O GPT-5 Alcançou Inteligência Espacial? Um Estudo Empírico
Has GPT-5 Achieved Spatial Intelligence? An Empirical Study
August 18, 2025
Autores: Zhongang Cai, Yubo Wang, Qingping Sun, Ruisi Wang, Chenyang Gu, Wanqi Yin, Zhiqian Lin, Zhitao Yang, Chen Wei, Xuanke Shi, Kewang Deng, Xiaoyang Han, Zukai Chen, Jiaqi Li, Xiangyu Fan, Hanming Deng, Lewei Lu, Bo Li, Ziwei Liu, Quan Wang, Dahua Lin, Lei Yang
cs.AI
Resumo
Modelos multi-modais têm alcançado progressos notáveis nos últimos anos. No entanto, eles continuam a exibir limitações significativas em compreensão e raciocínio espacial, que são capacidades fundamentais para atingir a inteligência artificial geral. Com o recente lançamento do GPT-5, supostamente o modelo de IA mais poderoso até o momento, é oportuno examinar onde os modelos líderes estão no caminho para a inteligência espacial. Primeiro, propomos uma taxonomia abrangente de tarefas espaciais que unifica benchmarks existentes e discutimos os desafios em garantir uma avaliação justa. Em seguida, avaliamos modelos proprietários e de código aberto de ponta em oito benchmarks-chave, a um custo que excede um bilhão de tokens no total. Nosso estudo empírico revela que (1) o GPT-5 demonstra uma força sem precedentes em inteligência espacial, mas (2) ainda fica aquém do desempenho humano em uma ampla gama de tarefas. Além disso, (3) identificamos os problemas mais desafiadores de inteligência espacial para modelos multi-modais, e (4) modelos proprietários não exibem uma vantagem decisiva ao enfrentar os problemas mais difíceis. Adicionalmente, conduzimos uma avaliação qualitativa em um conjunto diversificado de cenários que são intuitivos para humanos, mas que desafiam até os modelos multi-modais mais avançados.
English
Multi-modal models have achieved remarkable progress in recent years.
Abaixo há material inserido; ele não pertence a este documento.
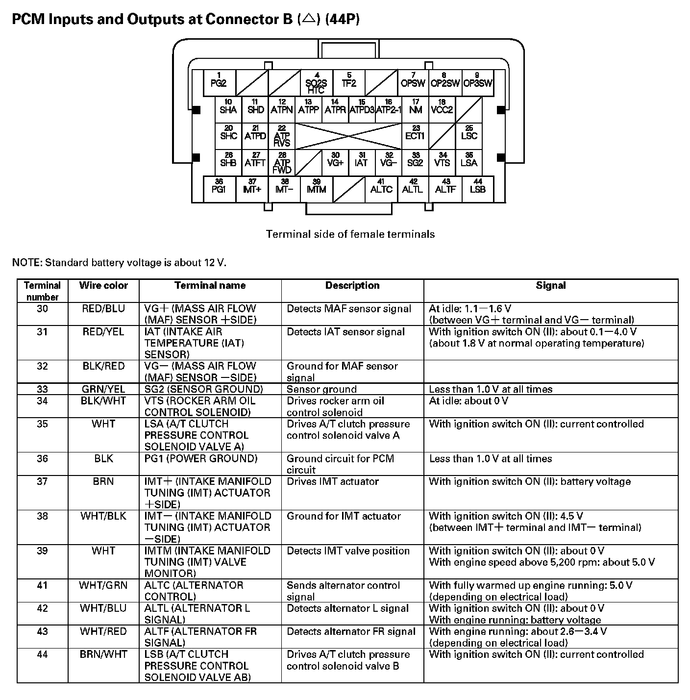 PCM Inputs And Outputs At Connector B (44P) (Part 1):

Nevertheless, they continue to exhibit notable limitations in spatial
understanding and reasoning, which are fundamental capabilities to achieving
artificial general intelligence. With the recent release of GPT-5, allegedly
the most powerful AI model to date, it is timely to examine where the leading
models stand on the path toward spatial intelligence. First, we propose a
comprehensive taxonomy of spatial tasks that unifies existing benchmarks and
discuss the challenges in ensuring fair evaluation. We then evaluate
state-of-the-art proprietary and open-source models on eight key benchmarks, at
a cost exceeding one billion total tokens. Our empirical study reveals that (1)
GPT-5 demonstrates unprecedented strength in spatial intelligence, yet (2)
still falls short of human performance across a broad spectrum of tasks.
Moreover, we (3) identify the more challenging spatial intelligence problems
for multi-modal models, and (4) proprietary models do not exhibit a decisive
advantage when facing the most difficult problems. In addition, we conduct a
qualitative evaluation across a diverse set of scenarios that are intuitive for
humans yet fail even the most advanced multi-modal models.